Dès la couverture d’ Au nom du pain , roman graphique paru aux éditions Glénat, la tension est à son paroxysme. Au milieu d’une salle lumineuse et d’une foule de nazis en uniforme, une serveuse au visage fermé tient une corbeille de pain… Ensanglantée. Quel affreux drame se joue là ? Ce tome 1, haletant, démarre une saga familiale et historique de trente ans. Marcelin est le premier album de la première époque – celle de la Seconde Guerre Mondiale, intitulée « pain noir (1939 – 1944) ». Jean-Charles Gaudin, qui avait déjà réalisé une BD historique située durant la Première Guerre Mondiale avec Un village français s’est attelé au scénario ; Steven Lejeune au dessin, et Roberto Burgazzoli Cabrera à la couleur.

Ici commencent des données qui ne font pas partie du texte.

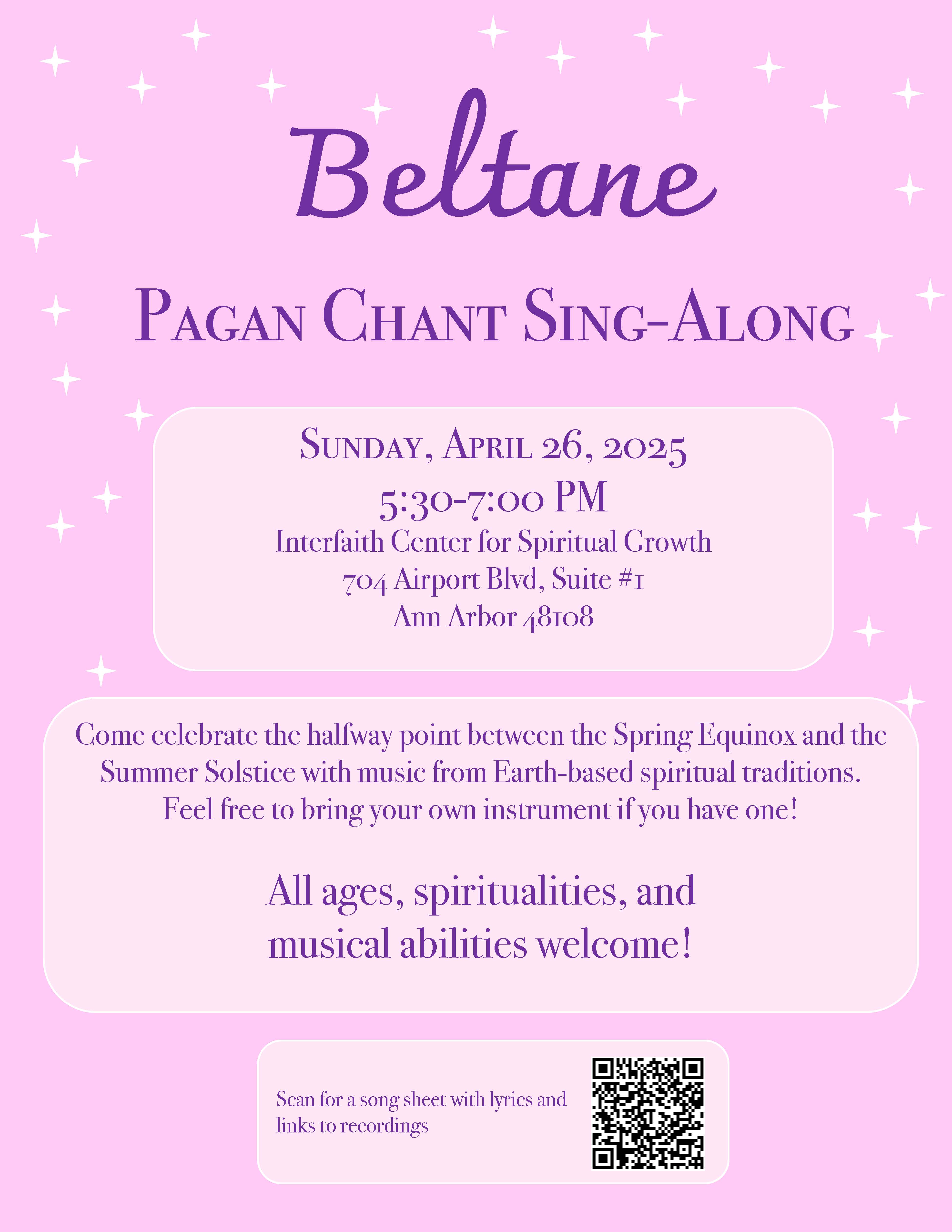 Special Events Click to enlarge fliers. Click again to enlarge them more! Meditation Retreat Beltane Chant Sing-Along Jewish Mysticism Class Download flier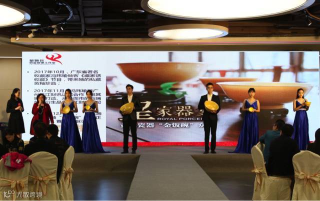 在位于琶洲的“融媒合力,赢在珠江”珠江经济台2018合作资源说明会上,玮瑜文化推出的第一批黄釉衍生品瓷器“金饭碗”首次正式震撼亮相!广东广播电视台副台长曾少华、广东广播电台珠江经济台台长、广州珠江财讯传媒董事长陆敏华等领导出席了活动。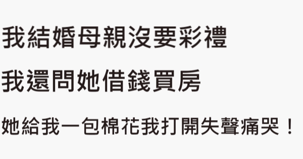 大家好,我是 Choco 今天來跟你說說 我結婚母親沒要彩禮,我還問她借錢買房,她給我一包棉花我打開失聲痛哭!吧!讓我們來看看!
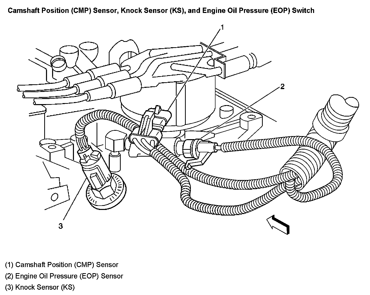 Camshaft Position (CMP) Sensor, Knock Sensor (KS), and Engine Oil Pressure (EOP) Switch:

La famille Martineau (Marguerite, la mère, Henri, le père, Marcelin et Monique, leurs enfants jumeaux) déménage à Saint-Jean. L’ouverture de leur boulangerie dans ce nouveau village est la promesse d’une nouvelle vie… Au grand dam de la famille Durand, leurs concurrents directs. Marcelin raconte comment, petit à petit, l’insouciance des premiers temps le quitte avec le départ au front de son père, l’arrivée des Allemands, la pression montante des rationnements, réquisitions, perquisitions, représailles… La solidarité ne suffit pas à rester à l’abri des troubles. Alors que Marguerite ne laisse indifférent ni un réfugié, ni un officier allemand, le jeune Marcelin intègre peu à peu la résistance française sous l’occupation…
Le trait noir est fin ; il fait naître ombres et points donnant leurs textures aux décors. Les couleurs, passées et nuancées, transmettent l’authenticité, du torchis des murs à la lourdeur de nuages sombres. Le dessin est précis, fidèle, immersif. Les noms des commerces, peints à la main, se succèdent dans la traversée du bourg. Les cages remplissent la place centrale lors du marché aux volailles. Dans la boulangerie, le lecteur perçoit presque l’odeur émanant du four, le bruit de la croûte brisée…. Les gestes millimétrés des mains, les regards échangés, les postures soumises ou conquérantes, participent à l’ambiance dramatique qui s’installe progressivement… Jusqu’à ce que la violence s’impose, explosive, sanglante, choquante, et se répande.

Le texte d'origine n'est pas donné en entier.